Canagliflozin is another option for managing hyperinsu- linemia in equids, but this drug is expensive at present and this limits its use. At the time of writing, the safety and efficacy of canagliflozin has only been evaluated in one study,⁵³ so this drug is only recommended for severely affected patients whose health is threatened by laminitis. Canagliflozin is available as Invokana (Janssen Pharmaceuticals, Inc., Titusville, N.J.; 100 mg tablets) for use in humans. The high cost of canagliflozin limits its use in average-sized or large-sized horses, but it can be used for short-term management of acute hyperinsulinemia if, for example, a horse with ID breaks out of its enclosure and grazes on pasture or inadvertently consumes grain. In these situations, canagliflozin may be administered for 3 to 7 days with the goal of limiting the anticipated increase in insulin concentrations after acute exacerbation of ID. Long-term treatment with canagliflozin can be considered for miniature horses and small ponies, and the author prescribes canagliflozin at a dosage of 0.4 mg/kg q24h PO. Care should be taken to assess liver function and plasma triglyceride concentrations before prescribing canagliflozin. The drug should not be administered to patients with liver disease and care should be taken to monitor plasma triglyceride concentrations after treatment is initiated because canagliflozin may exacerbate hyperlipidemia in equids. Hypoglycemia, ketosis, and urinary tract infections are complications observed in humans receiving canagliflozin,⁵⁴ but these problems were not encountered in the preliminary study.⁵³ It should be noted, however, that canagliflozin has only been administered to a small number of horses to date, so it is possible that additional complications will be discovered if the drug gains wider use. For this reason, it is important to explain to clients that Invokana is designed for use in humans and is being used off-label in horses. Potential complications must be explained, and a good client-veterinarian relationship should exist before this new medical treatment is selected. Canagliflozin is a sodium-glucose co-transporter-2 (SGLT2) inhibitor, and inhibition of this transporter within the proximal tubule of the kidney increases glucose loss in the urine.⁵⁴ Blood glucose concentrations decrease in response to treatment, and the amount of insulin secreted to maintain euglycemia decreases as a result.
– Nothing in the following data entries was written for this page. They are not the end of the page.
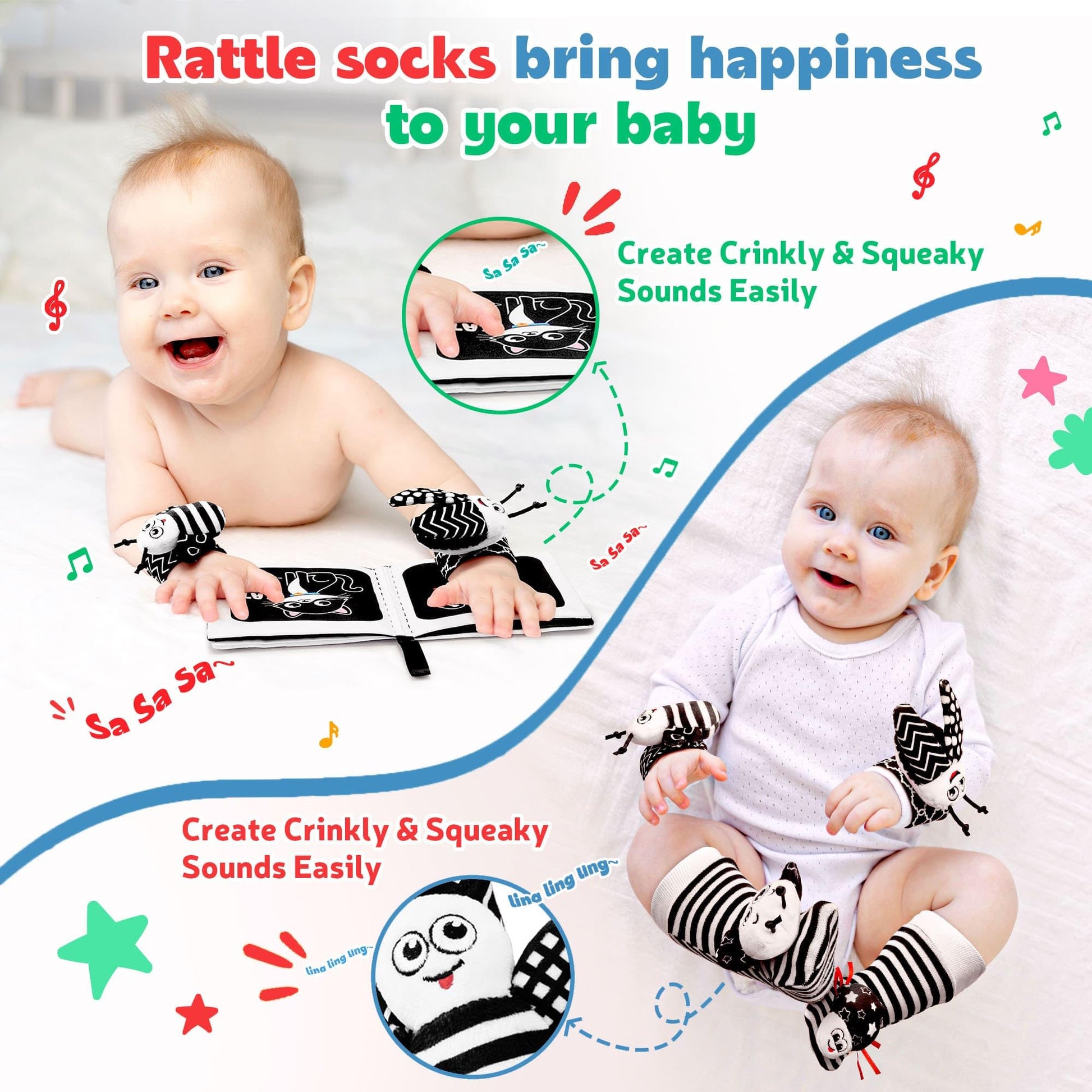 - â¨ăPROMOTE SENSORY EXPLORATIONăThese bright colorful rattle socks will entice little baby to touch, grab and look at them. baby will be encouraged to grab and reach the bright colorful wrist rattles and foot finders. Strengthening Color Cognition/Vision Cognition/Hearing Development & Voice Development and help 0-12 months babies improve their cognitive skills.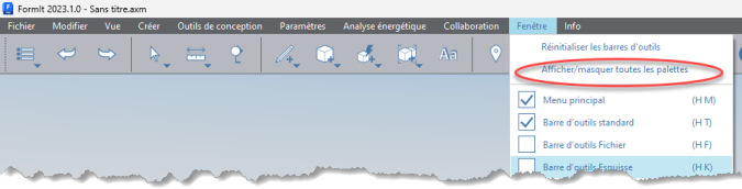 - Grande amélioration avec la possibilité « d’afficher/masquer » toutes les palettes à partir du menu « Fenêtre – Afficher/masquer toutes les palettes ».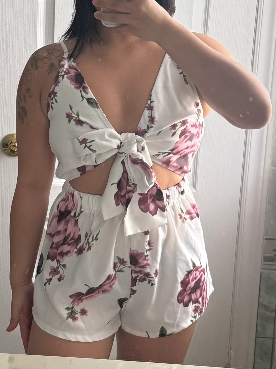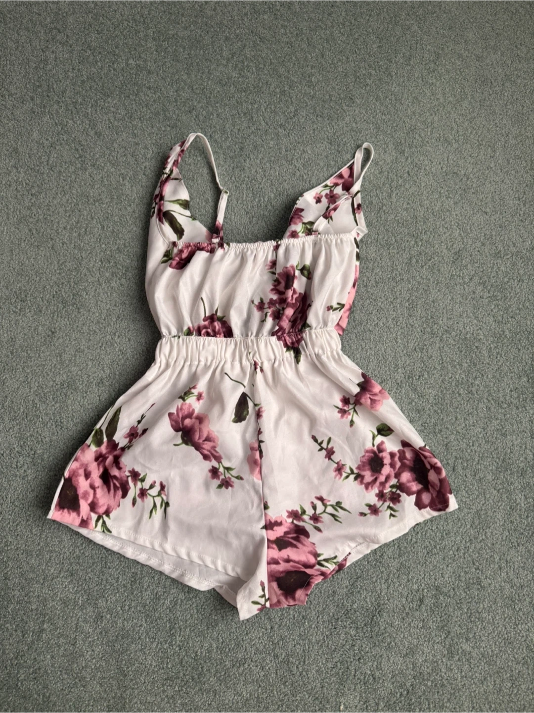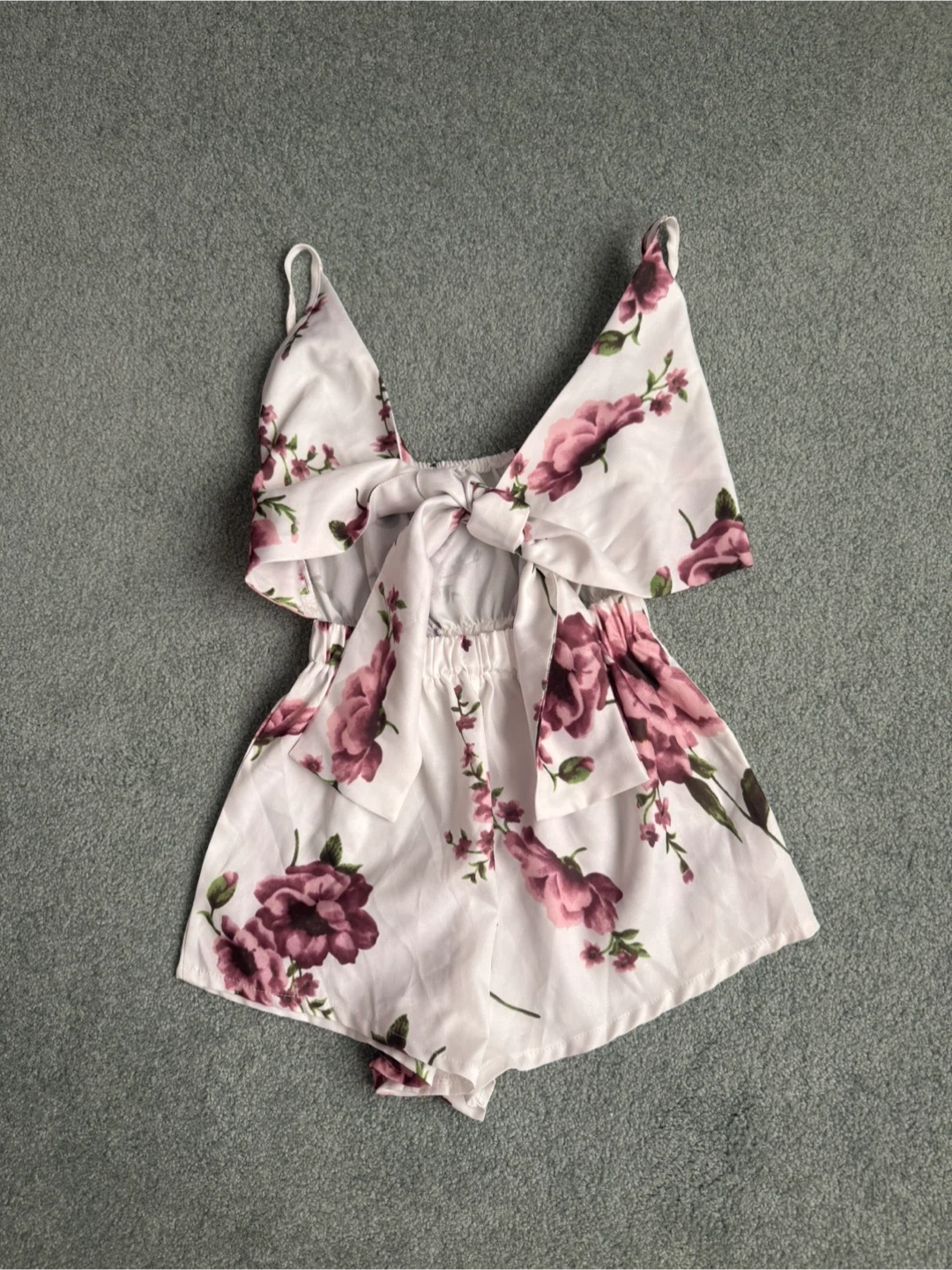 Super cute floral romper, perfect for summer! It's a size small and features a lovely white base with a pink and purple floral pattern. Ties up in the front. In great condition!

PPID may develop in middle-aged or older horses with EMS, and this endocrine disorder exacerbates ID. Pergolide is a dopamine receptor agonist used for the treatment of PPID in horses. It is available as Prascend (Boehringer Ingelheim Vetmedica, Inc., Ingelheim, Germany). The starting dosage is 0.002 mg/kg PO daily, and higher doses are selected for horses with more advanced PPID. Several studies provide evidence of an association between PPID and ID, but it is important to note that PPID horses can have normal insulin status, so diagnostic tests for ID must be performed to evaluate the individual animal.^55-57 Three groups are identified: equids with ID alone, those with PPID and ID, and equids with PPID alone. Medical management of PPID with pergolide typically improves insulin status in horses affected by both endocrine disorders, and this suggests that PPID exacerbates ID by increasing insulin secretion, decreasing insulin clearance, or lowering insulin sensitivity. It has been proposed that pergolide exerts an independent effect on insulin dynamics in horses, but only one study has been performed to test this hypothesis. Horses with clinical signs of EMS were placed on 1 mg pergolide/day and OST insulin concentrations decreased over time (McFarlane D.; personal communication).

Wellness Evaluations

Horses belonging to breed groups with a high risk of EMS should undergo wellness evaluations every 6 to 12 months. The minimum database for each visit includes an updated diet and exercise history; physical examination and body condition scoring; visual inspection of the hooves for signs of laminitis; basal glucose, insulin, leptin, and adiponectin concentrations; and/or OST results.